On 6 January 2017, the Delhi High Court gave the Industrial Tribunal, an independent tribunal that hears matters related to employment, the go-ahead for proceeding with its hearing on a case related to complaints of sexual harassment against RK Pachauri, the former director general of the The Energy and Research Institute (TERI), a Delhi-based think tank. In February 2015, a 29-year-old researcher formerly employed with TERI filed a first information report against Pachauri. She alleged that Pachauri had subjected her to “repeated and constant requests to have a romantic and physical relationship,” and that despite having repeatedly told him that she was not interested, “he refused to give up.” She alleged that he had also physically harassed her, and had forcibly touched and grabbed her. When she confronted Pachauri about her objection to his actions, she said, he had threatened that he would “not give me any more work in his office and that I should leave TERI or he will transfer me to some other division.” The case made global headlines, owing to Pachauri’s reputation as a world leader in drawing attention to climate change. After the first complainant registered her complaint, two other women, both former employees of TERI, came forward and released public statements about facing sexual harassment at Pachauri’s hands.
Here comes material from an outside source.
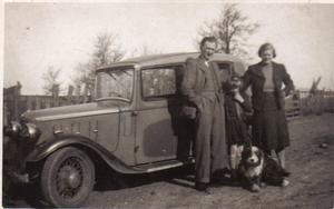 The Austin 10 that we slept in. Notice Rover, the farm dog. Notice too the blackout hoods over the headlights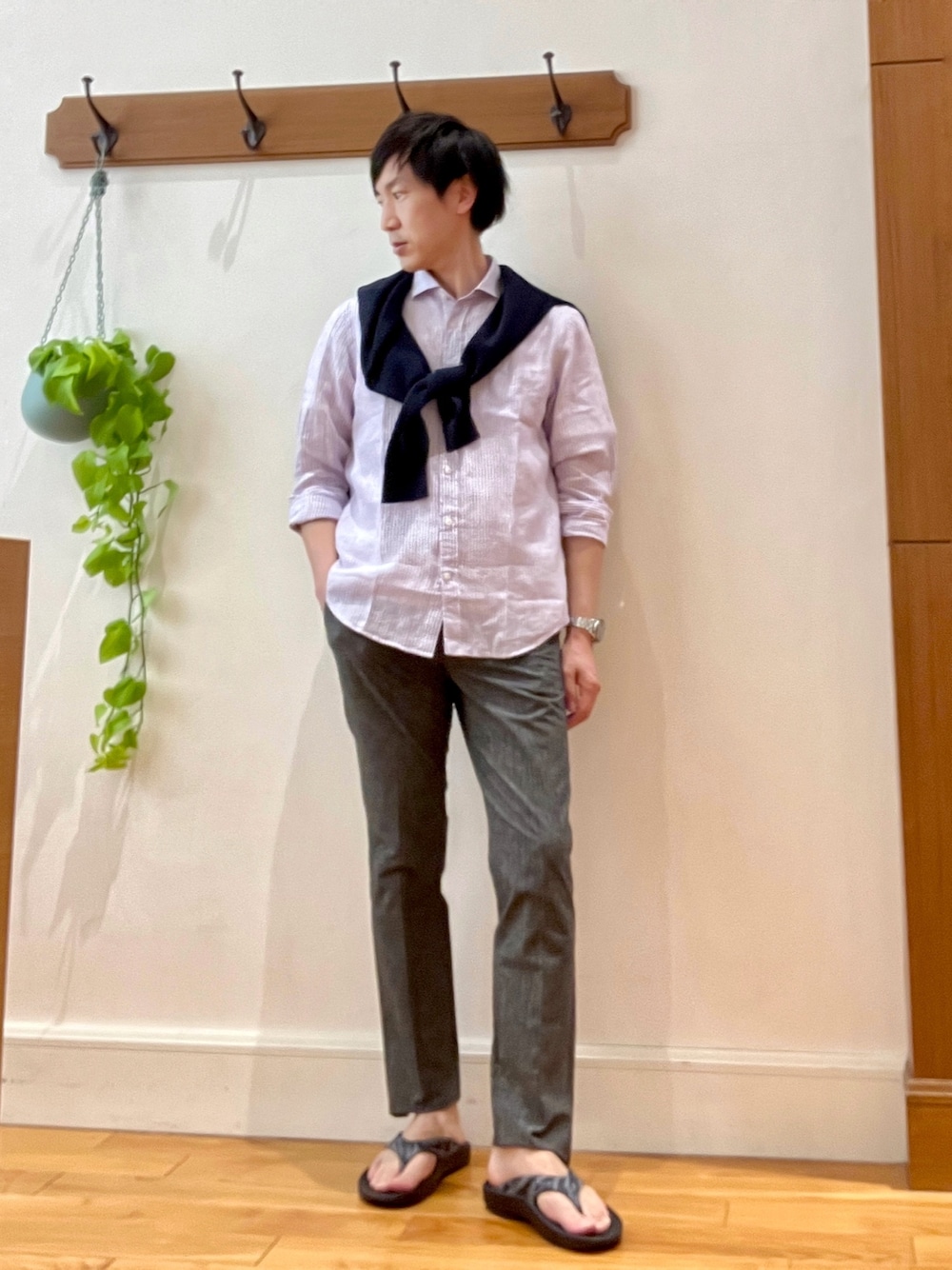 休日カジュアルシャツスタイル リネンシャツを使ったリラックススタイルです。 麻100%ながらチクチクせずに柔らかい肌触りのシャツと、ノーリーズグッドマン夏定番のクールドッツ素材シリーズのパンツをあわせました。 トップス、ボトムス共に軽く涼しく真夏も活躍してくれます。 サンダルは人気ブランド【OOFOS】のリカバリーサンダルです。 クッション性のある柔らかい履き心地と適度な反発力が両立したOOFOS定番No.1人気タイプです。 着用サイズ リネンシャツ Lサイズ パンツ Lサイズ カーディガン Mサイズ サンダル メーカーサイズ9 ✨Instagram✨ ↓ @t.yamaguchi_nol

Before she filed a complaint with the police, the former researcher had also filed a complaint with TERI’s internal complaints committee, a body mandated by law to investigate complaints of sexual harassment in workplaces. In May 2015, after the ICC filed its report, Pachauri registered a case with the Industrial Tribunal, alleging that the ICC had “withheld anonymous statements from unknown witnesses and rushed the enquiry.”
For her July 2016 cover story, ‘Hostile Climate,’ Nikita Saxena, the web editor at The Caravan, investigated the allegations against Pachauri. Saxena’s reporting suggested that TERI, as an organisation, had played a key role in enabling Pachauri’s actions, consequently shielding him from persecution. If the director general had been brazen in his behaviour, Saxena wrote, the combined responses of hundreds of employees had fostered an environment in which he could get away with it. In the following extract from the story, Saxena recounts how the ICC conducted its inquiry, and how the treatment meted out to both the complainant and the women who comprised the committee was indicative of TERI’s unwillingness to hold Pachauri accountable.
As part of her complaint against Pachauri, the former TERI researcher submitted to the police copies of thousands of emails, SMSes and WhatsApp messages that she alleged he had sent her. Together, they present a picture of the suffocating harassment she says Pachauri subjected her to.
Pachauri sends her poems, professes his desperate love for her, chides her for not accepting his affections, and declares that he will punish himself. At 9.53 pm on 1 October 2013, he wrote to her that “every breath of mine has you at the centre.” Later the same day, he told her that “just to prove how much I love you, I shall go on a fast after the cricket match tomorrow. I will break the fast only when you tell me that you believe I love you with sincerity and unfathomable depth.” To him, she wrote, “I do believe you and you know it but I felt a little violated. Please you are not to grab me and or kiss me.”
In other messages, Pachauri himself refers to his physical advances towards the complainant. “Even when I ‘grabbed your body,’” he wrote in an email on 14 November 2013, “I had my left hand over your right breast. Did I make even the slightest attempt to hold it in my hand or fondle you there?”